Gastspiel

Das Ballett am Rhein zu Gast in Moskau

Gastspiel im Stanislawski- und Nemirowitsch-Dantschenko-Musiktheater Moskau vom 12. bis 14. Juni 2015

Was ergibt sieben mal sieben? – Ja, auch, aber darum geht es natürlich nicht, das wäre zu einfach. „Sehr feinen Sand“ wäre in dem Fall die richtige Antwort gewesen, aber darauf kam selten jemand. Reingefallen. Ein Kinderwitz. Was überhaupt „7“ ergibt, komponiert von Gustav Mahler, choreographiert von Martin Schläpfer und auf die Bühne des Moskauer Stanislawski-Musiktheaters gebracht von einer in Deutschland beheimateten und international inzwischen zum dritten Mal zur „Kompanie des Jahres“ gekürten Balletttruppe, das haben sich bestimmt viele gefragt, die an drei Abenden den Zuschauerraum des russischen Traditionstheaters gefüllt haben. Vom 12. bis zum 14. Juni 2015 war dort Ungewohntes zu erleben. Wo sonst überwiegend detailgetreu der sichtbaren Wirklichkeit nachgebildete Kulissen den Rahmen geben für getanzte in sich geschlossene Geschichten, passierte an diesen Tagen etwas ganz anderes. Bühnenelemente aus Plexiglas definierten einen Raum, der sich im Zusammenspiel mit den unterschiedlichen Stimmungen von Musik und Tanz verblüffend veränderte. Mal wirkte er befreiend weit und hoch, mal einengend niedrig, mal zurückgenommen, mal dominant. Neben dem Positionswechsel der Elemente veränderte vor allem das raffiniert eingesetzte Licht den Bühnenraum. Und dann der Tanz selbst – die Tänzer: schwere Mäntel und grobe Boots kontrastierten mit leichten Kleidern und Schläppchen, erdenschwere Erschöpfung mit himmelstürmendem Spitzentanz. Eine fortgesetzte Suche, ein Sich-Finden und wieder Trennen, eine unerträgliche Entscheidung, ein Abschied, der beim Zusehen schmerzte. Nichts war verlässlich an diesem Stück, nichts vorhersehbar – und am Schluss ein Bild der totalen Vereinzelung. Im Zuschauerraum war anfangs Irritation spürbar. Leises Tuscheln mit dem Nachbarn: Was passiert da. Dann zunehmende Konzentration, Neugier, ein fühlbares Gespanntsein. Das Moskauer Publikum ließ sich ein auf das Ungewohnte. Applaudierte spontan nach jedem Satz. Am Schluss dann die Reise nach Jerusalem, die keinen Zweifel ließ: es geht um die blanke Existenz. Den Platz im Leben. Und es gibt immer zu wenig Stühle. Ein Machtspiel. Ein Kinderspiel… Und begeisterter Schlussapplaus.

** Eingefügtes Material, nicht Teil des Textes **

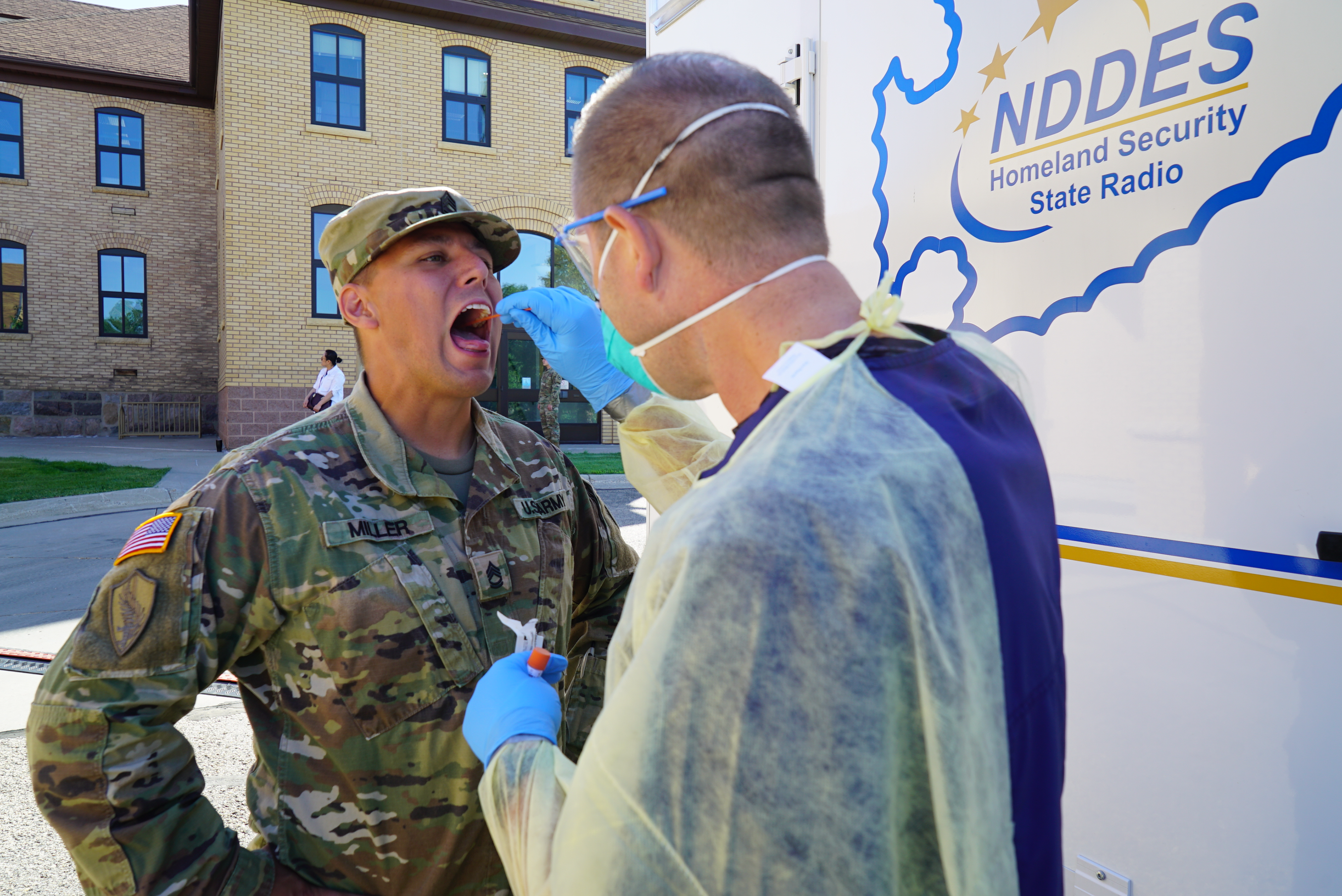 Members of the N.D. National Guard along with civilian employees of both the Guard and the N.D. Department of Emergency Services were offered an opportunity to be tested by members of the N.D. Department of Health (NDDoH) on Fraine Barracks on July 14. Testing was not mandatory but workers were encouraged to participate.
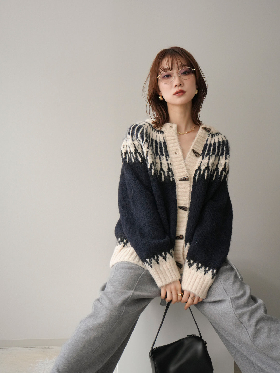 [SET]トグルボタン求心柄ニットカーディガン+選べるアクセセット(2set)
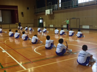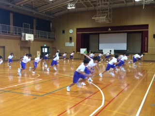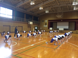 男女共修で、陸上競技のクラウティングスタートの練習です。
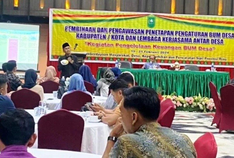 INDRAGIRIONE.COM, PEKANBARU – Anggota Komisi I DPRD Provinsi Riau Daerah Pemilihan Kabupaten Indragiri Hulu (Inhu) dan Kuantan Singingi (Kuansing), Mardianto Manan, menjadi narasumber atau pembicara dalam kegiatan pengelolaan keuangan Badan Usaha Milik Desa (BUMDes), serta pembinaan dan pengawasan penetapan pengaturan BUMDes kabupaten/kota dan lembaga kerjasama antar desa, di Ballrom Hotel Furaya.
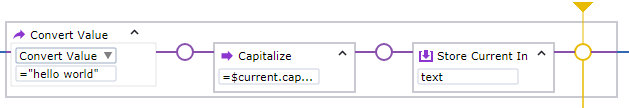 1. As you continue the execution, the expression is capitalized by the converter (note =$current.capitalize() in the following example), the variable $current is assigned a new value, "Hello World", while the $initial variable value remains unchanged. The new value of the $current variable, "Hello World", is stored in the variable text of type text after the Store Current In step is executed.
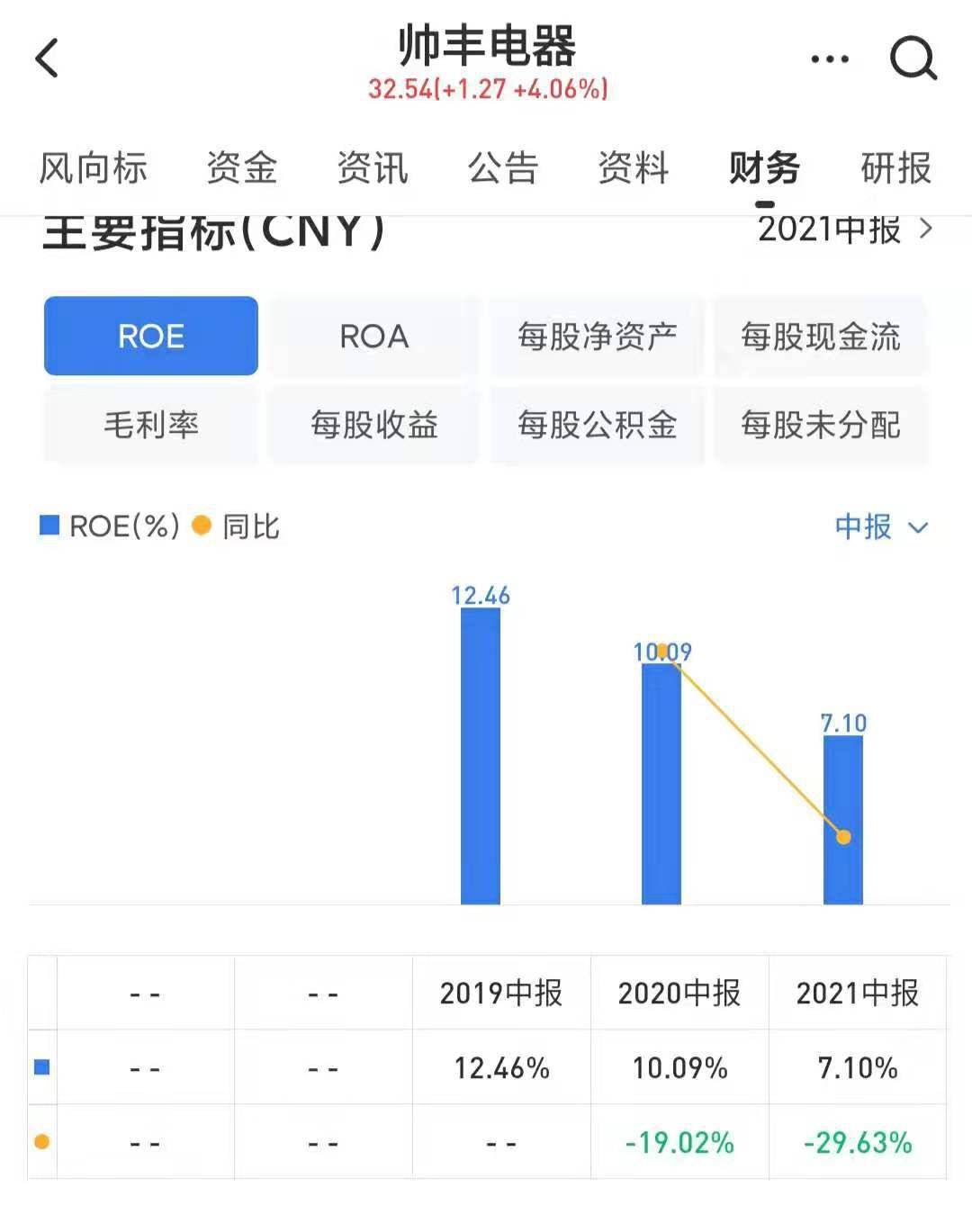同时,帅丰电器资产净收益率连续两年下降,2021年上半年该数据为7.1%,较2020年上半年10.09%下降29.63%。2020年上半年,其资产净收益率则较2019年下降19.02%。
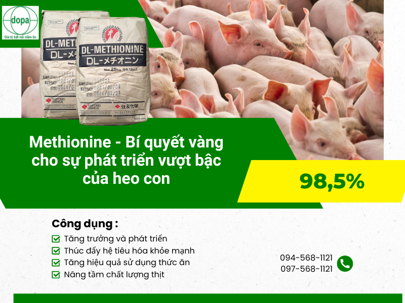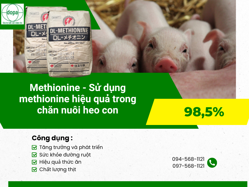 - Vai trò quan trọng: Methionine ảnh hưởng trực tiếp đến sự phát triển, sức khỏe và năng suất của heo con.
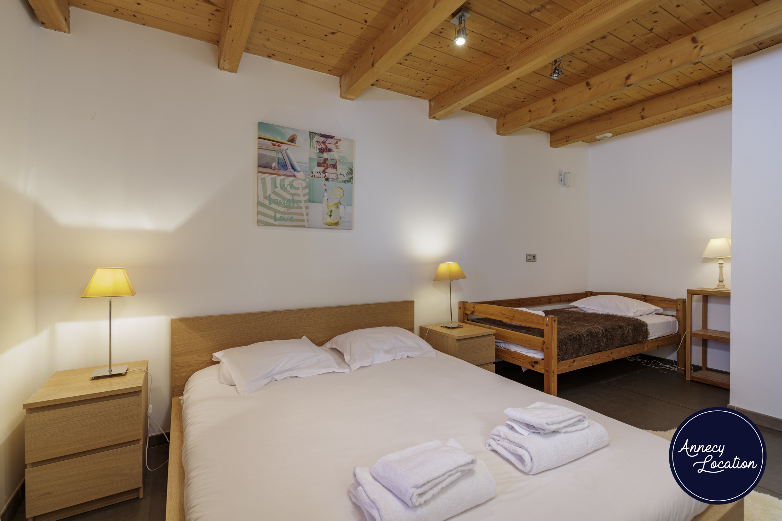 • One large triple bedroom with 1 Queen bed (160×200 cm) + 1 single bed (90×190 cm)

Was gibt es sonst noch zu berichten vom Gastspiel in Moskau? Eine große Freundlichkeit und Offenheit, mit der wir aufgenommen wurden, nicht nur im Stanislawski-Theater. Ein Moskowiter, der Frau und Kind und zwei dicke Taschen packt, um uns im endlosen Labyrinth der im 90-Sekundentakt hereinkreischenden und –rumpelnden U-Bahnen ans richtige Gleis zu bringen. Eine beeindruckende Erfahrung, weder das geschriebene noch das gesprochene Wort zuverlässig entschlüsseln zu können und dennoch immer wieder im Hotel oder im Theater anzukommen. Die Herausforderung an die mitgereisten Techniker, Beleuchter und Kollegen aus Kostüm und Maske, sich mit dem russischen Team zu verständigen und den Tänzern den gewohnten Rahmen und die nötige Sicherheit zu geben. Der Nervenkitzel am Inspizientenpult, bei jeder Anweisung die Zeitverzögerung für die Übersetzung mitzudenken. Die tägliche Schnitzeljagd durch ein Theater, das mehrfach abgebrannt und jedes Mal ein wenig komplexer wieder aufgebaut worden ist. An jeder Gabelung, in jedem Treppenhaus, in jedem Aufzug, überall Ballett-am-Rhein-Zettel mit Wegweisern zur Bühne, zu den Studios, zur Kantine, zu den Garderoben. Und schließlich über allem das gute Gefühl, unterwegs zu sein in einer der Metropolen des klassischen Balletts, mit einer Erzählung, die auch auf ihrem Vokabular begründet ist, aber eben nicht nur, und die jeder für sich erleben kann, der sie erleben mag. Ohne eindeutige Antworten.